Perhaps it's less harmful over the long run to make foreign policy cynically and heedlessly as part of a domestic political dispute rather than in pursuit of some overarching imperial design. But it's morally, strategically and politically reprehensible, the Clinton administration did and will likely do it again. All the more reason for the rest of us not to forget.

CLUSTERS OF DEATH

Perhaps I'm just terminally naive, but I'm a bit surprised at the dearth of attention by the mainstream media to the thousands of cluster bombs dropped on Yugoslavia that have been a continuing source of death and dismemberment, especially of curious children. The problem hasn't been ignored completely – the Washington Post did a pretty good story about a month ago – but it deserves more attention.

Cluster bombs, of course, are lightweight bomblets, as many as 200 of which are bundled together in a single bomb casing, then carried to earth individually on tiny parachutes. NATO officials say about 1,100 cluster bombs, containing a total of more than 200,000 bomblets, were dropped on Yugoslavia and Kosovo. Human Rights Watch estimates there are 11,000 unexploded cluster munitions in Kosovo and Serbia. They are often not easily recovered because of their tendency to drift off course or to become caught on trees, in brush or on roofs.
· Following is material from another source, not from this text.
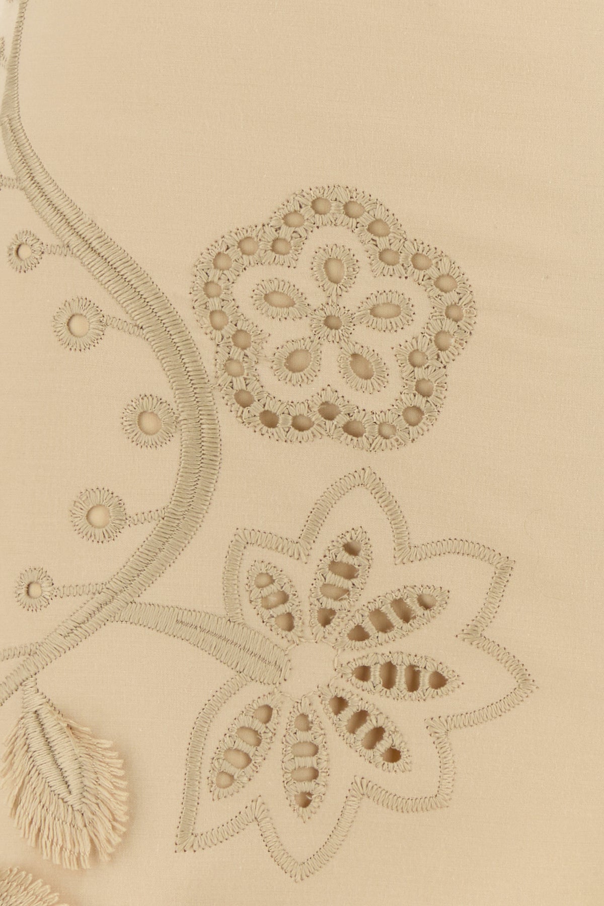 Pant realized in polyester blend characterized by peculiar floral embroideries on the entire surface.

Bright yellow, shaped like soda cans with tiny, cute little parachutes on top, the unexploded cluster bombs are especially attractive to children. Some canisters can spray incendiary material to start fires, some spew chunks of molten metal that can pierce tanks, some are filled with shrapnel. All can make short work of human flesh and bone. One incident of children playing with one bomb left two dead and seven injured, two critically. At least 200 people have been killed or injured by unexploded bombs and mines – half left behind by Serb troops, half dropped by NATO, according to the World Health Organization.

Other weapons have dealt more death, of course. But those cluster bombs are especially insidious. Both military and humanitarian organizations have vowed to remove mines and bombs. How about some reports on their progress?